After some confusion I realised that the total annotations count (398367) was wrong in the summary section of the stats page. It's more like 395620. The total is lower than the Canto stats page because it doesn't include the KEGG annotations.

I've checked in a fix for Friday night's load.

ValWood commented 6 months ago

We shouldn't include the KEGG annotations as we didn't create them

kimrutherford commented 6 months ago
kimrutherford commented 6 months ago

Hi Val.

I haven't implemented these tables on the new pombase.org stats page. Unless you think it isn't worthwhile, I'll do that before swapping the links in the menus.

image

image

ValWood commented 6 months ago

we don't have these tables on the old pages. I think the graphs are sufficient.

From the new page, we should link to the Canto page too, because that's where I get community metrics (but we can remove any duplicate graphs)

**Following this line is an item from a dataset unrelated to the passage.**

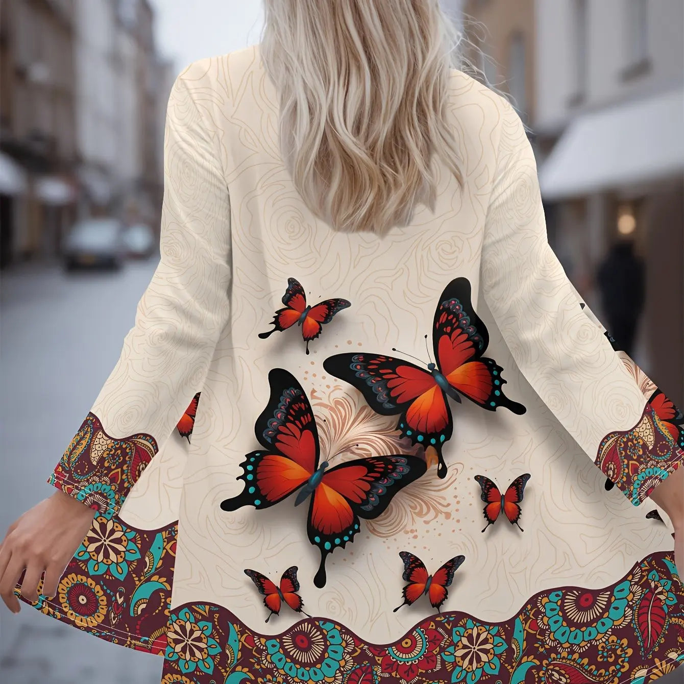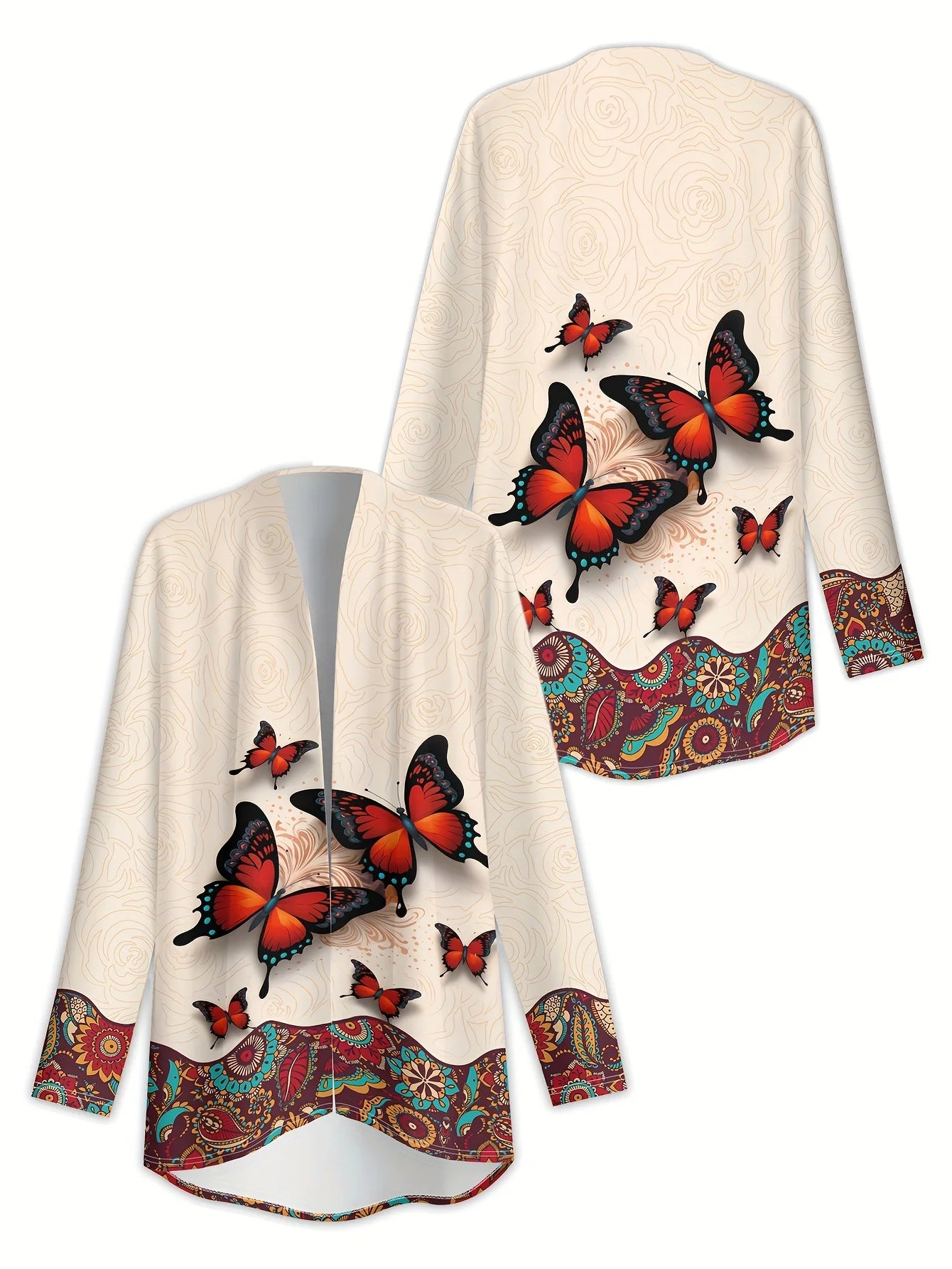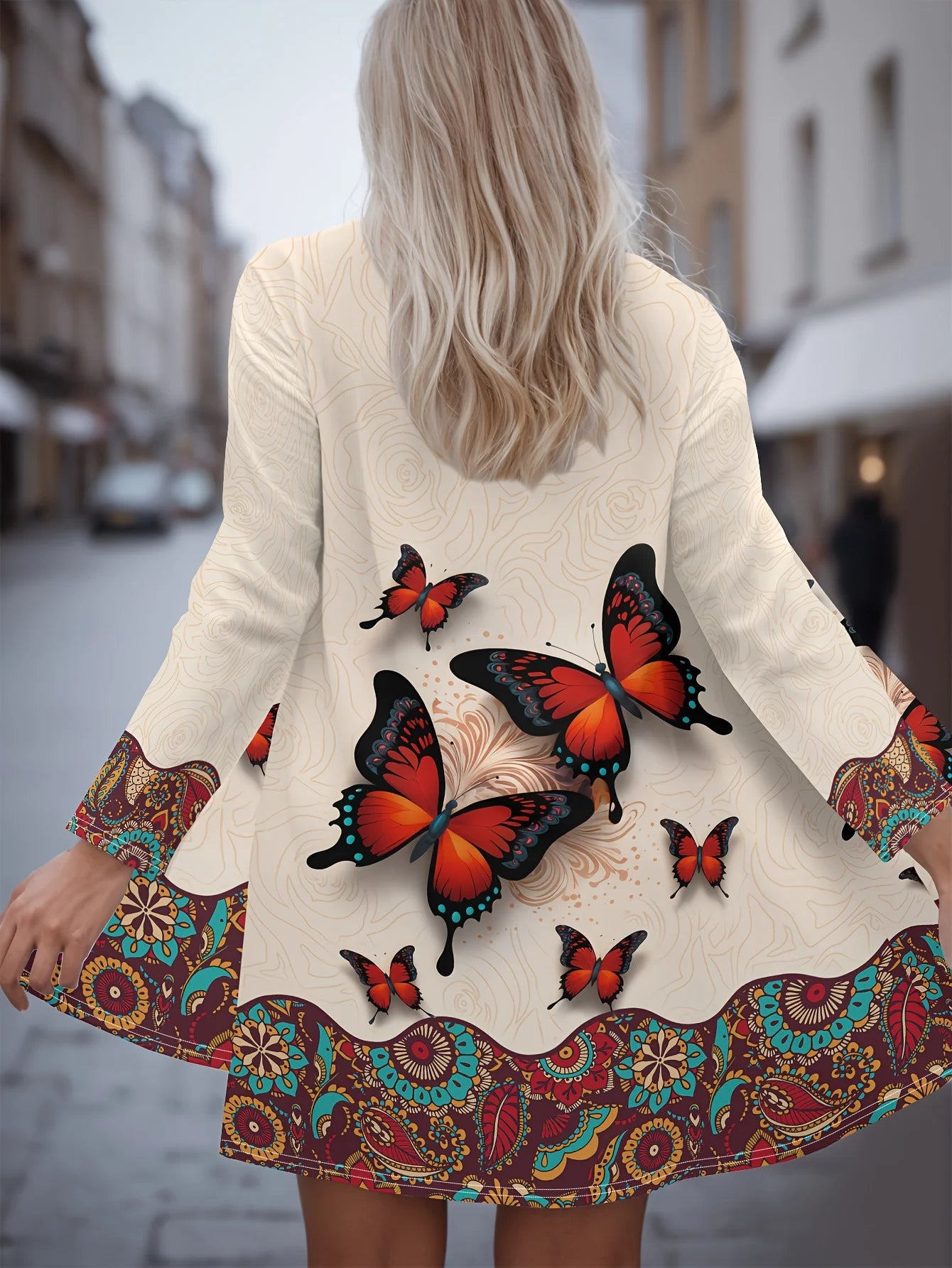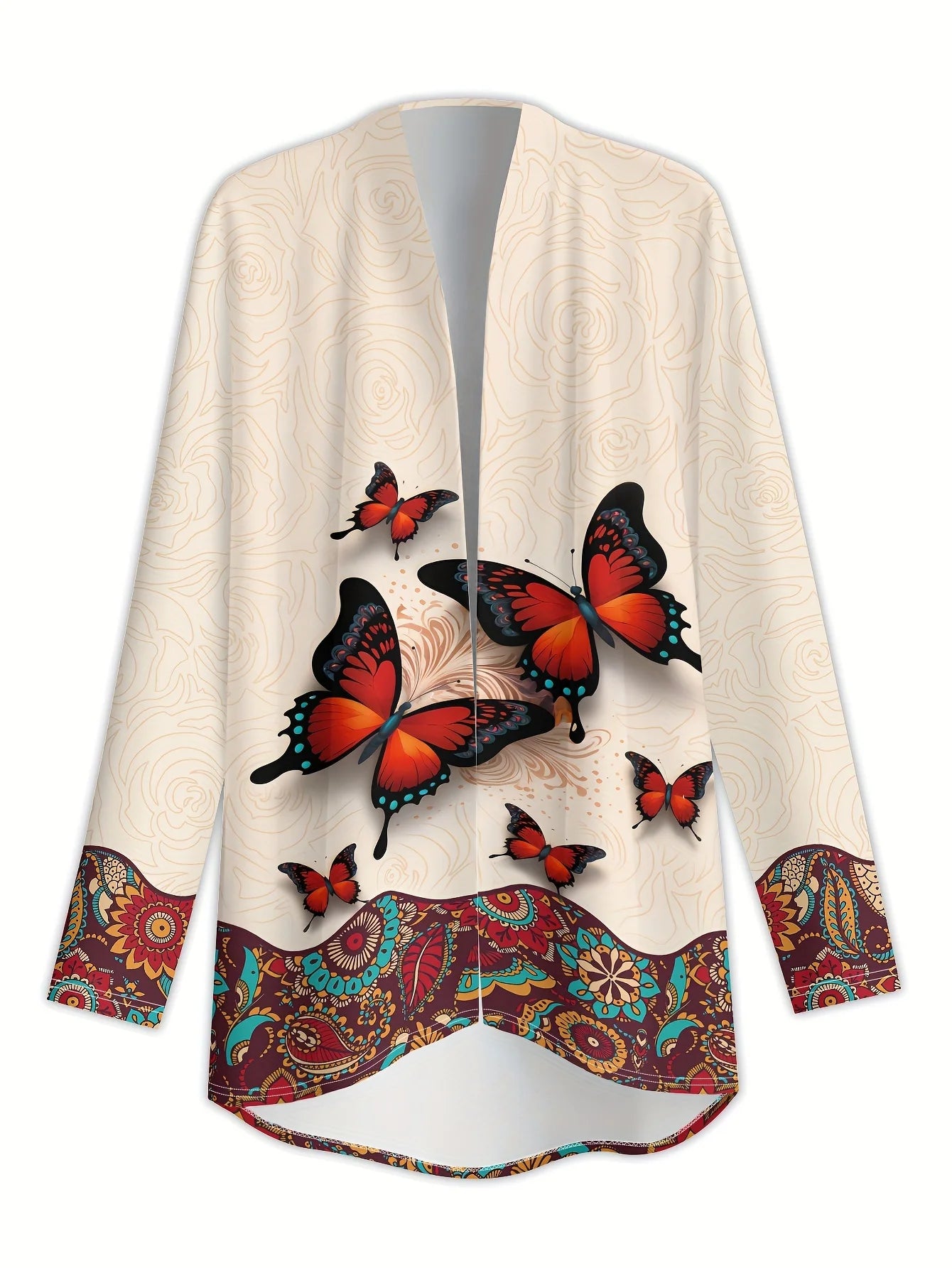 Fashion Women s Ethnic Style Printed Long Sleeve Cardigan, Polyester Open Fro...

kimrutherford commented 6 months ago

we don't have these tables on the old pages.

But that's where I got the screenshots?

ValWood commented 6 months ago

Ah I see, the data is there under "view table data". I never look at that. I only look at the graphs, and the graphs are there. Maybe we don't need the raw data?

kimrutherford commented 6 months ago

Maybe we don't need the raw data?

OK, I'll leave it out for now. Let me know if it becomes useful in future.

kimrutherford commented 6 months ago

I for about the help text above the graphs. I think we can trim them down a little bit and make them available via a help icon or mouse-over.

image

image

kimrutherford commented 5 months ago

Rename to "Literature and curation metrics". Change URL to /metrics.

That's done.

New URL from tomorrow: https://www.pombase.org/metrics

ValWood commented 5 months ago

Re labels, agreed, Here is a shorter version for the cumulative totals:

Cumulative totals of manually curated annotations over time.

Totals include annotations made by PomBase curators and fission yeast community but exclude annotations imported from other sources, and GO annotations based on computational methods (IEA evidence). All annotation types are described in the [PomBase documentation]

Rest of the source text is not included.